Roast Chicken with Cranberry Apple Raisin Chutney
Roast Chicken with Cranberry Apple Raisin Chutney might be just the main course you are searching for. This recipe serves 4. Watching your figure? This gluten free and dairy free recipe has 1104 calories, 65g of protein, and 55g of fat per serving. Head to the store and pick up olive oil, brown sugar, chicken, and a few other things to make it today. To use up the tart apple you could follow this main course with the Quick & Easy Apple Tart as a dessert. From preparation to the plate, this recipe takes around 45 minutes.
Instructions
Rub the chicken cavity with 1/4 teaspoon salt and 1/8 teaspoon pepper and put the orange zest inside. Twist the wings of the chicken behind the back and tie the legs together.
Put the chicken, breast-side up, in a roasting pan. Coat the chicken with the oil and sprinkle with 1/4 teaspoon salt and 1/8 teaspoon pepper. Roast the chicken until just done, 50 to 60 minutes.
Meanwhile, in a medium stainless-steel saucepan, bring the cranberries to a boil with the apple, raisins, brown sugar, apple juice, vinegar, ginger, 1/8 teaspoon salt, and 1/8 teaspoon pepper. Cover and simmer over moderate heat, stirring occasionally, until the liquid has thickened and the fruit is tender, about 15 minutes.
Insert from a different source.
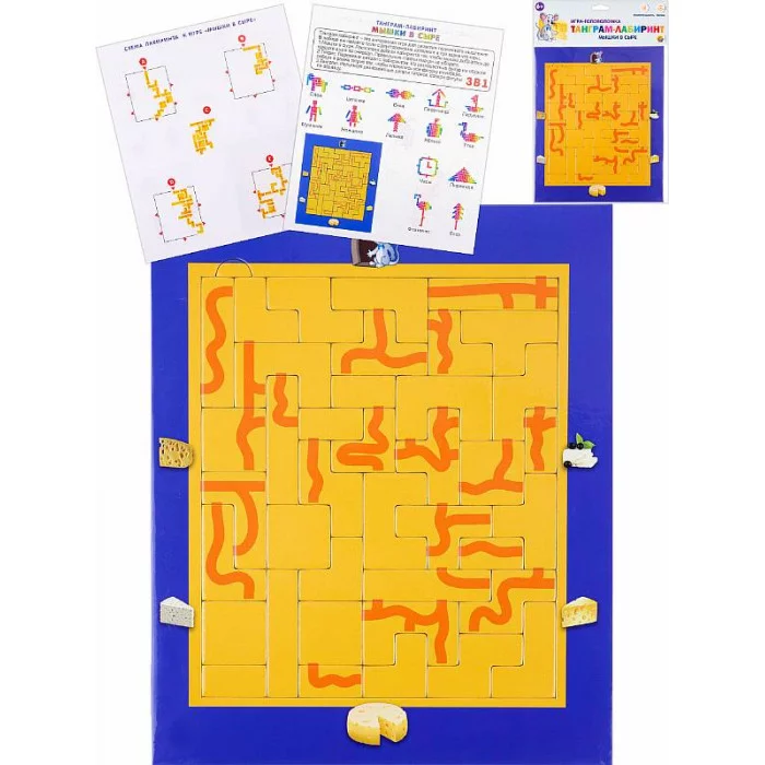 Рамка-вкладыш Танграм-лабиринт "Мышки в сыре" — увлекательная головоломка, которая понравится и детям, и взрослым! Обучающая головоломка состоит из 1 игрового поля-рамки и вкладышей различной формы. Танграм способствует развитию у детей наглядно-образного мышления, воображения, внимания, понимания цвета, величины и формы, восприятия, комбинаторных способностей. Количество деталей: 39 штук.

When the chicken is done, transfer the bird to a plate and leave to rest in a warm spot for about 10 minutes.
Pour off the fat from the roasting pan. Set the pan over moderate heat and add the orange juice. Bring to a boil, scraping the bottom of the pan to dislodge any brown bits. Boil until reduced to approximately 1/4 cup, about 4 minutes.
Add any accumulated juices from the chicken and a pinch each of salt and pepper.
Serve the chicken with the orange sauce and the chutney.
Wine Recommendation: This sweet, fruit-laden dish is best with a wine that shares these characteristics, such as a slightly chilled bottle of Chinon from the Loire Valley in France or a dolcetto from Italy.